*** Opening of Source information ***

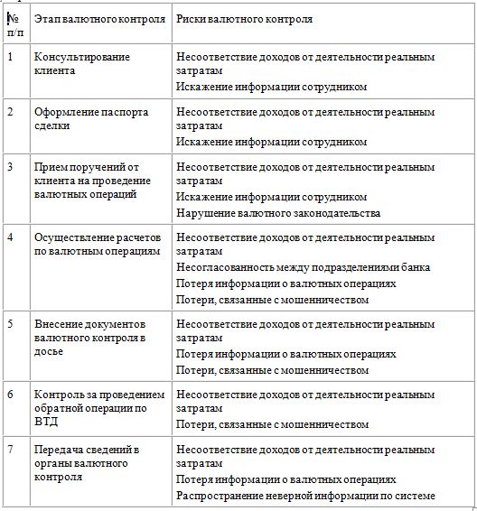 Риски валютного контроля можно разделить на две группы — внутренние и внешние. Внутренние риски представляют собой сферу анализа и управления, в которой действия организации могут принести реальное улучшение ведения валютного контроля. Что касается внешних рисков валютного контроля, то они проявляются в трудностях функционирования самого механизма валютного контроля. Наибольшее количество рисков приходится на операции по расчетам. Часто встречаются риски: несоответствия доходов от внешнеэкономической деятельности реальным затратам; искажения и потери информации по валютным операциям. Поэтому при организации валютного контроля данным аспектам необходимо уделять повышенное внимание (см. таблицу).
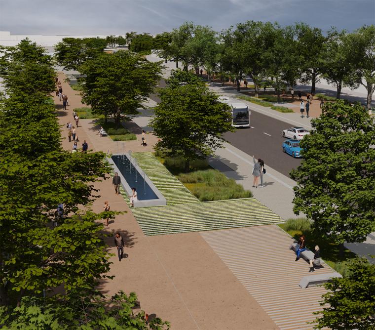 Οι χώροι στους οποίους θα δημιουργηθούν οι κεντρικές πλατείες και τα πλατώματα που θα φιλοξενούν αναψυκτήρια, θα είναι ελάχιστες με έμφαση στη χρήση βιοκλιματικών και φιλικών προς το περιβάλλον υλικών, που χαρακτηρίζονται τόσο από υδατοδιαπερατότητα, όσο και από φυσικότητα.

*** Close of Source information ***
*** Opening of Source information ***

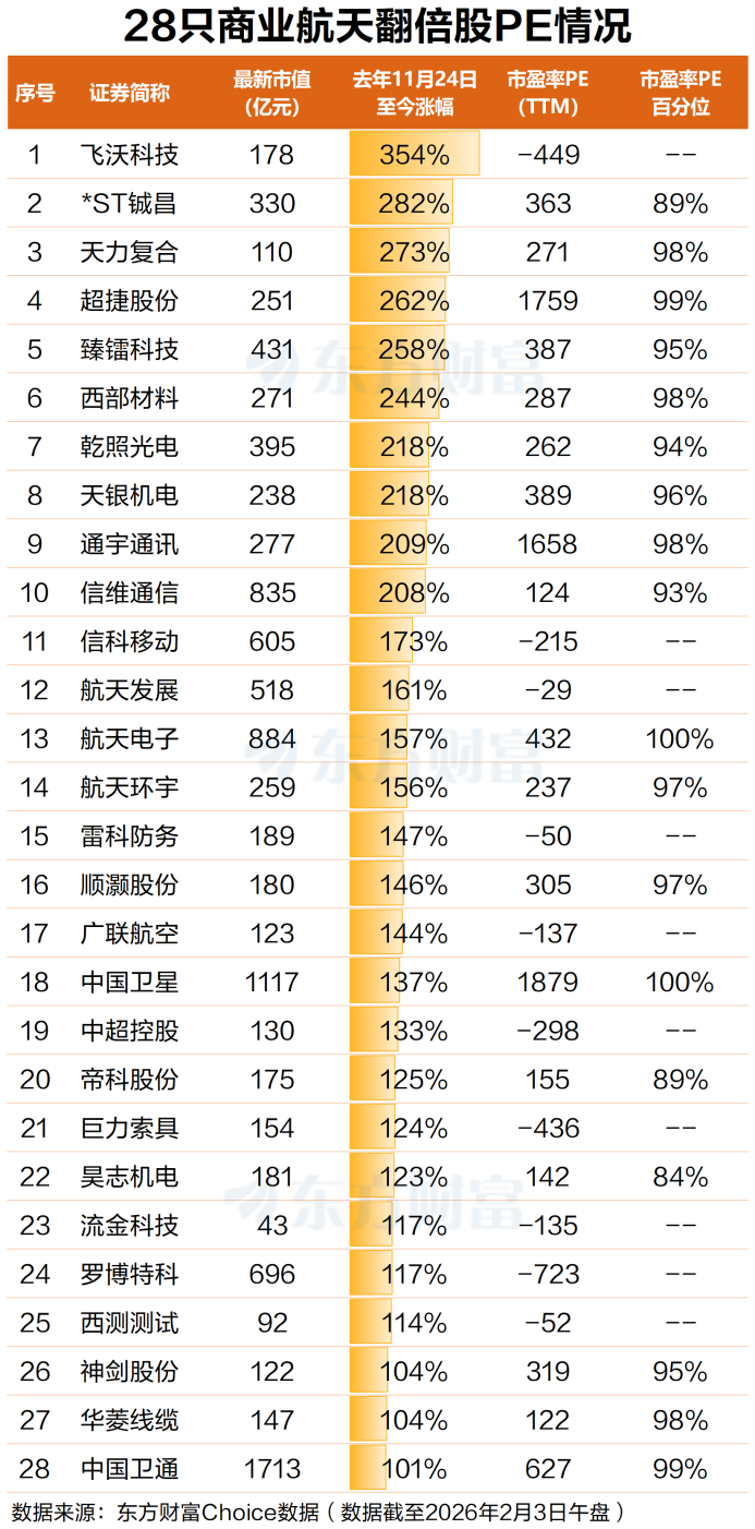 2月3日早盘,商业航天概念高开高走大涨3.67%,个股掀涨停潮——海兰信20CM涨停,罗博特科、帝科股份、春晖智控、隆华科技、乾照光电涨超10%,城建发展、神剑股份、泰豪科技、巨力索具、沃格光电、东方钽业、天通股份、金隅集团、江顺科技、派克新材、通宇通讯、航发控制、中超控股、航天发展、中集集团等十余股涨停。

*** Close of Source information ***

With pictures excluded, reproduce exactly the lines above from the one containing "Риски валютного контроля" down to the one containing "Οι χώροι στους", those two included.

**Answer to this problem:**
 Риски валютного контроля можно разделить на две группы — внутренние и внешние. Внутренние риски представляют собой сферу анализа и управления, в которой действия организации могут принести реальное улучшение ведения валютного контроля. Что касается внешних рисков валютного контроля, то они проявляются в трудностях функционирования самого механизма валютного контроля. Наибольшее количество рисков приходится на операции по расчетам. Часто встречаются риски: несоответствия доходов от внешнеэкономической деятельности реальным затратам; искажения и потери информации по валютным операциям. Поэтому при организации валютного контроля данным аспектам необходимо уделять повышенное внимание (см. таблицу).
 Οι χώροι στους οποίους θα δημιουργηθούν οι κεντρικές πλατείες και τα πλατώματα που θα φιλοξενούν αναψυκτήρια, θα είναι ελάχιστες με έμφαση στη χρήση βιοκλιματικών και φιλικών προς το περιβάλλον υλικών, που χαρακτηρίζονται τόσο από υδατοδιαπερατότητα, όσο και από φυσικότητα.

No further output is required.